Data Provider Secure Processing Environment for INDICATE Project
⚠️ Important: This implementation is for development and testing purposes. It should NOT be used for production without additional security hardening.
- Overview
- Prerequisites
- Quick Start (Automated)
- Manual Deployment
- Verification
- Troubleshooting
- References
This repository contains a reference implementation of an OHDSI-based Secure Processing Environment (SPE) for the INDICATE project.
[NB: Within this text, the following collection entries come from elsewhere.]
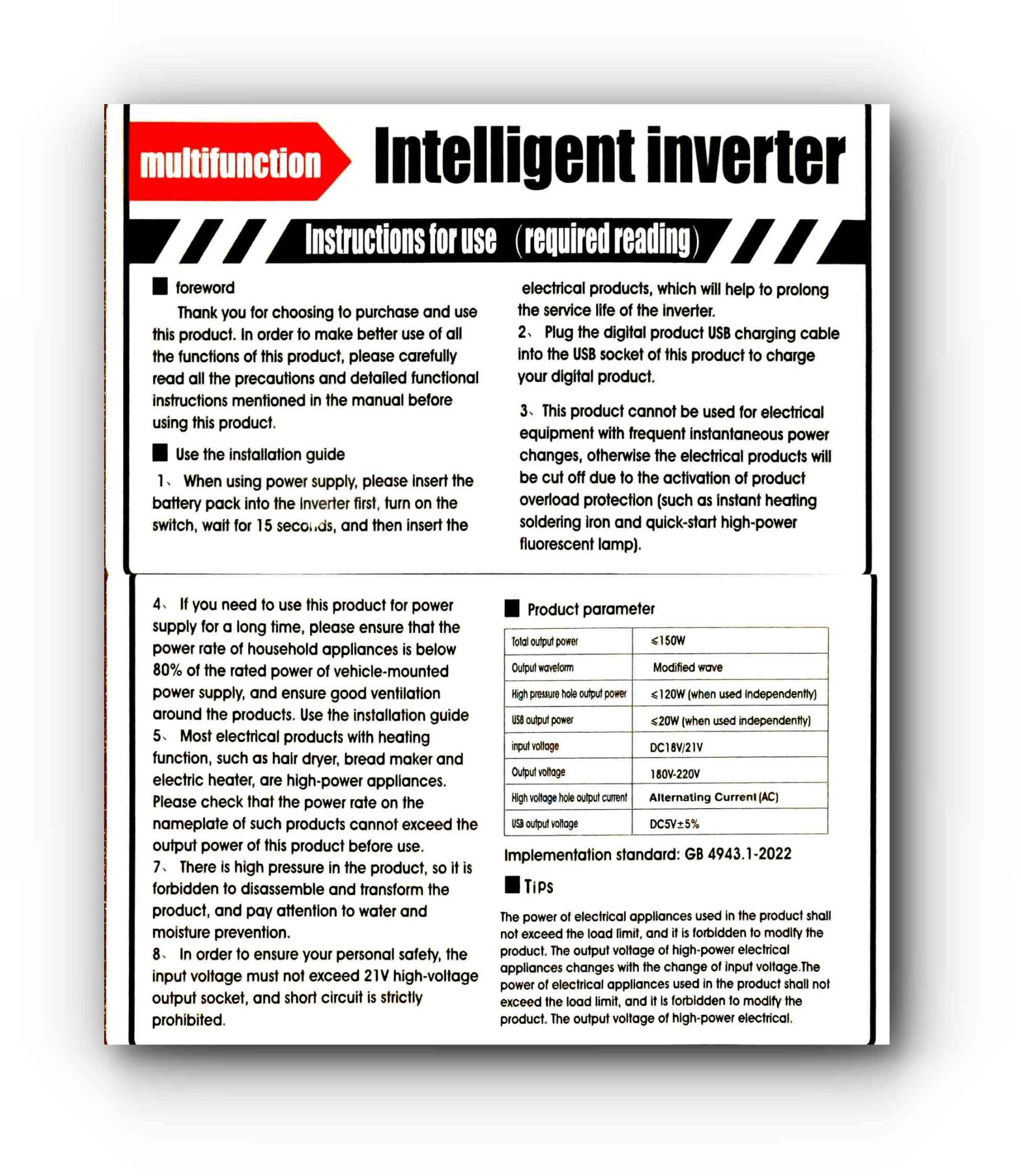 Output AC maksimum menurut helaian spesifikasi inverter ini adalah 120W yang bermakna itulah juga kuasa maksimum peralatan elektrik yang boleh disambungkan padanya. Ada satu video yang saya nampak, ia guna untuk jalankan periuk nasi elektrik dan ia adalah sesuatu yang berbahaya.
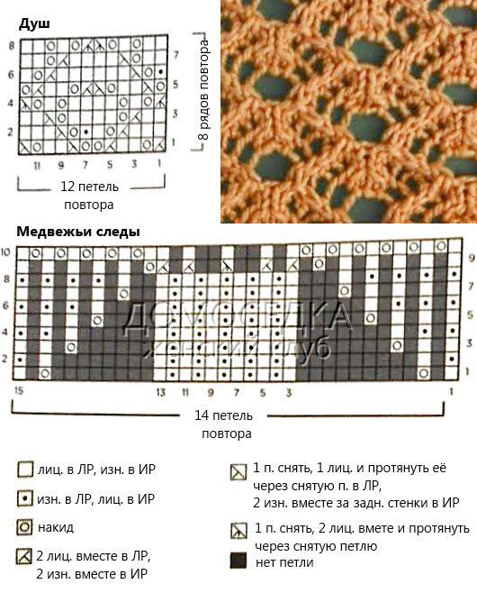 След. р. (ЛС): 2 лиц., затем узор Душ по схеме начиная с 1-й (7-й, 1-й) петли и заканчивая 12-й (6-й, 12-й) петлей до 2-х последних петель ряда, 2 лиц.
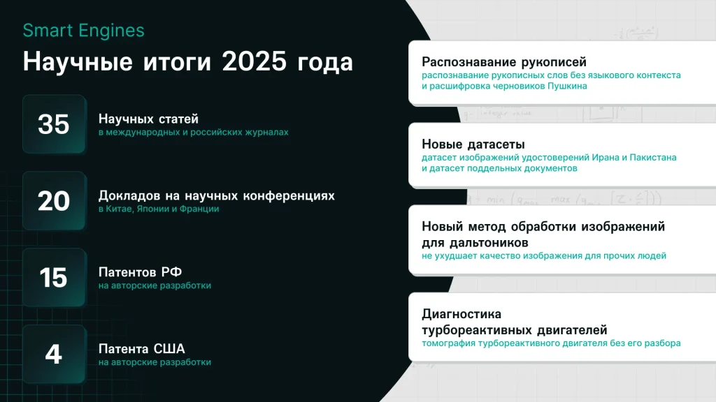 Российская ИИ-компания Smart Engines, технологический лидер на рынке распознавания документов, подвела научные итоги 2025 года. В минувшем году исследователи опубликовали 35 научных статей в международных и российских журналах, а также представили 20 докладов на престижных научных конференциях в Китае, Японии и Франции. На свои изобретения исследователи получили 15 новых патентов в РФ и 4 – в США.
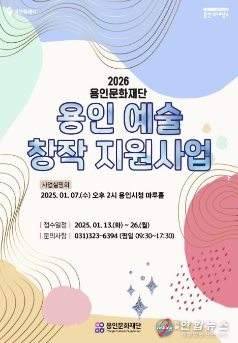 전국연합뉴스 박남호 기자 | 용인문화재단은 기존'문화 예술 공모 지원사업'을 전면 개편하고, 사업명을 ‘2026 용인 예술 창작 지원’으로 변경해 새롭게 전환한다고 밝혔다. 이번 사업은 지난 6일 공고됐으며, 1월 13일부터 26일까지 접수를 통해 총 6억 400만 원의 지원금을 사업 유형과 규모에 따라 차등 지원할 예정이다.
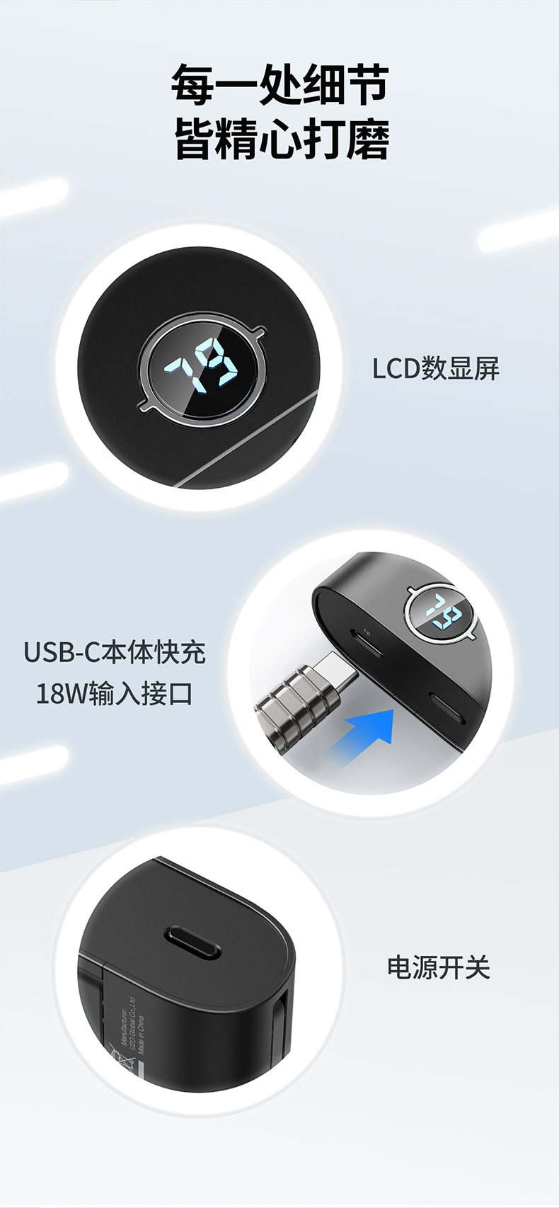 ・LCD数显,剩余电量一目了然,精准掌握剩余电量
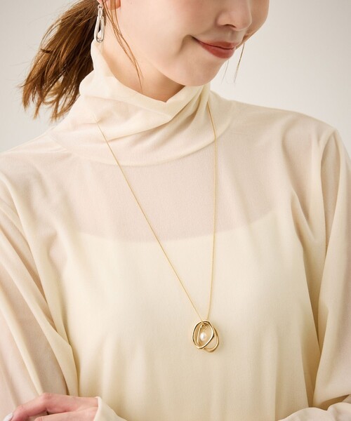 どの角度から見ても美しく、胸元で印象的な存在感を放つデザイン。【デザイン・シルエット】 ・歪なリングが重なり合ったような、有機的でモダンなデザインのペンダントトップ。 ・メタルの中に、一粒のパールをあしらうことで、上品さと華やかさを両立。 ・異素材の組み合わせが、コンテンポラリーで洗練された雰囲気。 【カラー】 ・ゴールドとシルバーの2色展開。 【スタイリングポイント】 ・シンプルなトップスやワンピースに合わせるだけで、こなれ感がアップ。 ・カジュアルなカットソーや秋冬のニットの上に重ねても、縦のラインが強調され、洗練された印象に。 ※撮影時の光、お使いのモニター環境によって色の見え方が違う場合がございます。
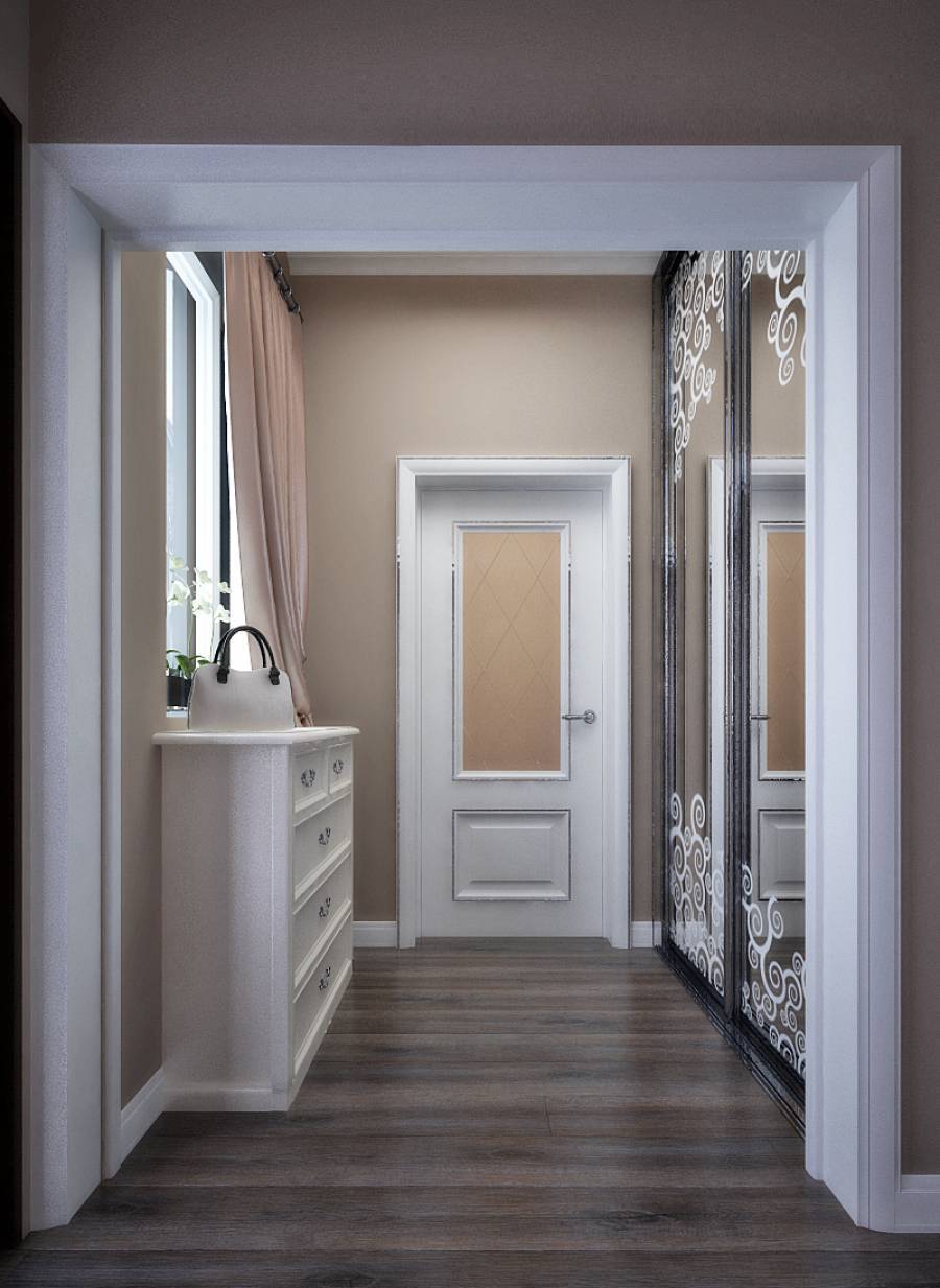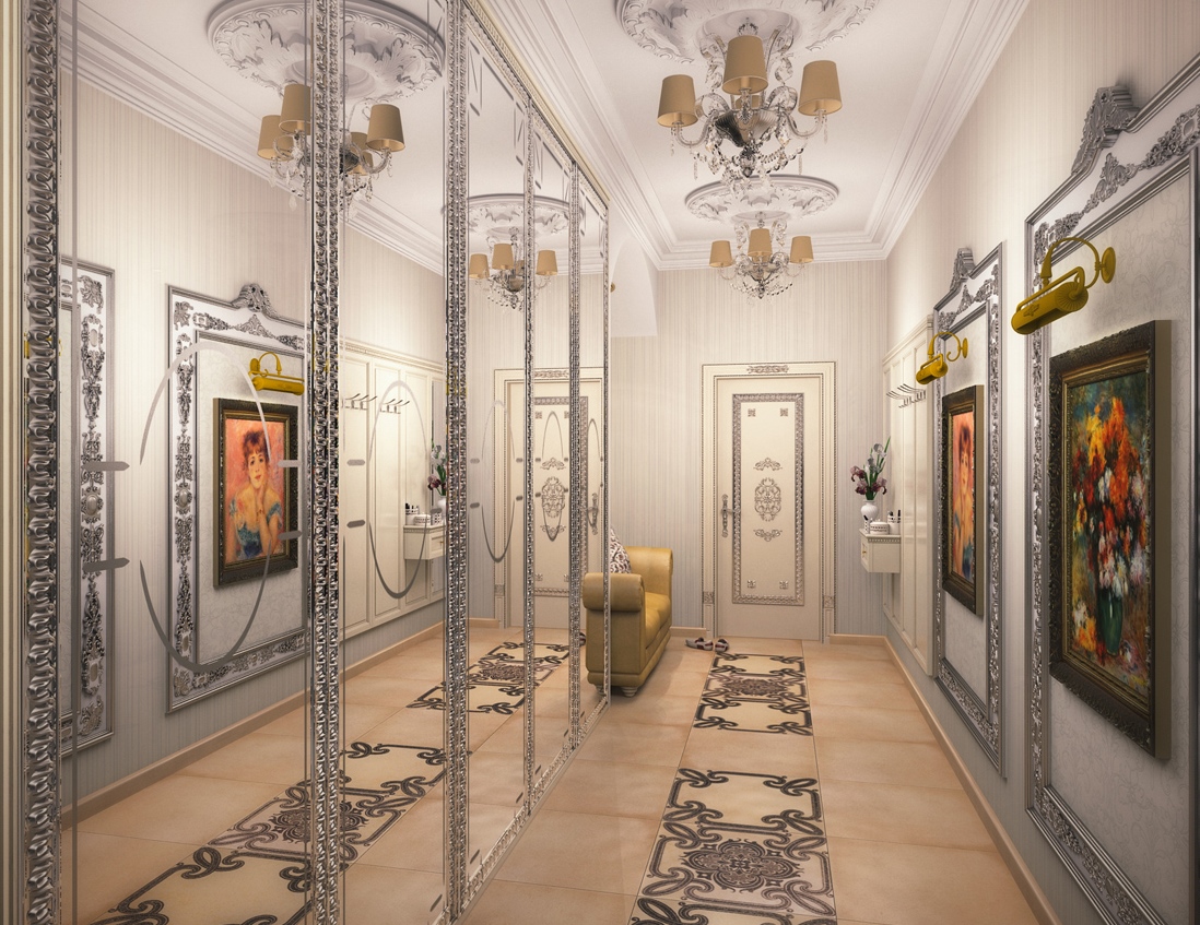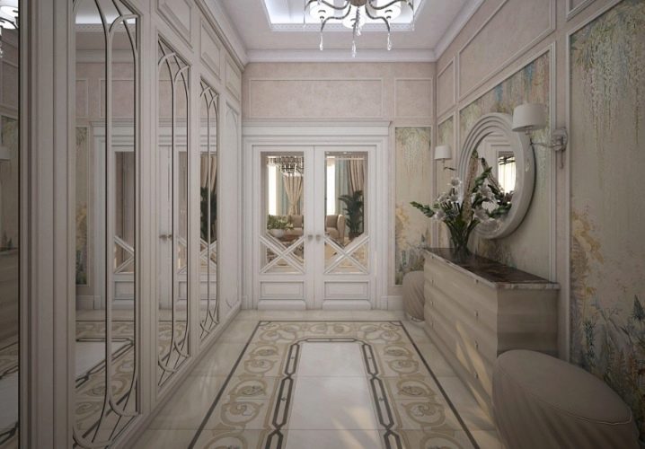 - Un altro esempio di classicismo è la sala d'ingresso, che si riflette nelle facciate a specchio di un elegante armadio.
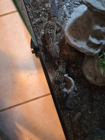 2 bearded dragons and 3 leopard geckos looking for new homes no terriums or lights available (selling separate) 2 leopard geckos have been housed together since babies for almost 4 years both very friendly . 1 leo. Has been house separately and this one is not nice .
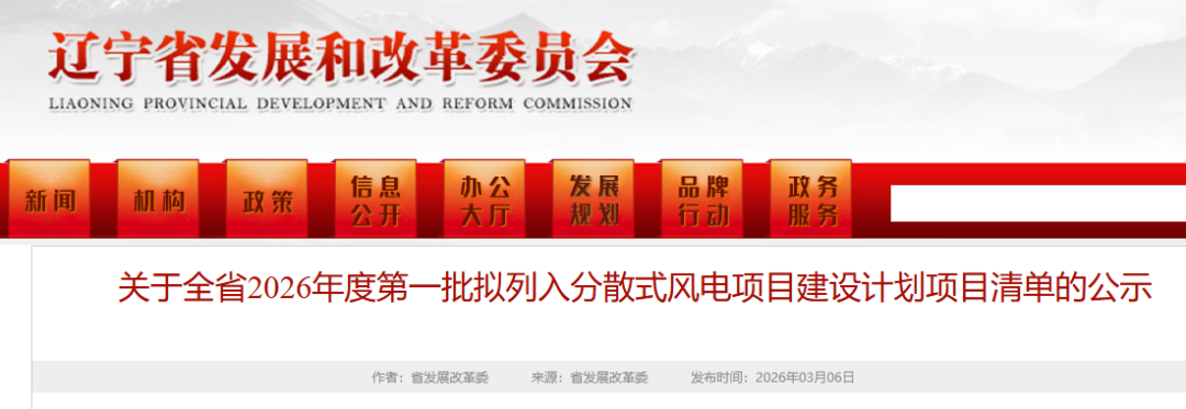 3月6日,遼寧2026年第一批擬列入分散式風電項目建設計劃項目清單公示。

It includes:
- PostgreSQL with OMOP CDM v5.4 schema
- OHDSI Broadsea stack (WebAPI + Atlas)
- Achilles for descriptive statistics
- Sample ICU data (100 synthetic patients)
- OMOP Vocabulary (~5M concepts)
┌────────────────────────────────────────┐
│ Broadsea Components │
├────────────────────────────────────────┤
│ ┌──────────┐ ┌──────────┐ │
│ │ Atlas │→ │ WebAPI │ │
│ │ (UI) │ │ (API) │ │
│ └──────────┘ └────┬─────┘ │
│ │ │
│ ┌──────────────────▼─────────────┐ │
│ │ Atlas DB (WebAPI Metadata) │ │
│ └────────────────────────────────┘ │
└─────────────────┬──────────────────────┘
│ JDBC
▼
┌─────────────────────────────────────────┐
│ PostgreSQL OMOP CDM Container │
├─────────────────────────────────────────┤
│ Database: omop_cdm │
│ ├── cdm schema (patient data) │
│ ├── vocab schema (5M concepts) │
│ └── results schema (cohorts, achilles) │
└─────────────────────────────────────────┘
- Docker Desktop 20.10+ (Install Guide)
- Docker Compose v2.0+
- WSL (Windows users) (Install Guide)
- Disk Space: 50GB free minimum
- Memory: 8GB RAM recommended
- Network: Internet connection for downloading images and vocabularies
# Check Docker version (should be 20.10+)
docker --version
# Check Docker Compose version (should be 2.0+)
docker compose version
# Test Docker is running
docker ps
# Check available disk space (need at least 50GB free)
df -h
# Check available memory (recommend 8GB+)
free -h# Create and navigate to working directory
mkdir -p ~/indicate-spe
cd ~/indicate-spe
# Clone or copy this repository
git clone <repository-url> .
# OR extract the provided archive- Register at https://athena.ohdsi.org/ (free)
- Download vocabulary bundle with these vocabularies:
| ID | Code | Name |
|---|---|---|
| 82 | RxNorm Extension | OMOP RxNorm Extension |
| 70 | ICD10CM | International Classification of Diseases, 10th Revision |
| 21 | ATC | WHO Anatomic Therapeutic Chemical Classification |
| 12 | Gender | OMOP Gender |
| 8 | RxNorm | RxNorm (NLM) |
| 6 | LOINC | Logical Observation Identifiers Names and Codes |
| 1 | SNOMED | Systematic Nomenclature of Medicine - Clinical Terms |
- Extract the vocabulary bundle and copy the CSV files into the
vocabularies/directory in the project root
The fastest way to get a fully operational system:
cd ~/indicate-spe
# Make scripts executable
chmod +x scripts/*.sh
# Step 1: Start PostgreSQL OMOP CDM
docker compose -f postgres-compose.yml up -d
# Step 2: Load vocabulary into PostgreSQL (10 minutes)
bash ./scripts/load-vocabulary.sh
# Step 3: Generate 100 synthetic ICU patients (5-10 minutes)
bash ./scripts/generate-icu-data.sh
# Step 4: Deploy Broadsea, register source, and run Achilles (~10 minutes)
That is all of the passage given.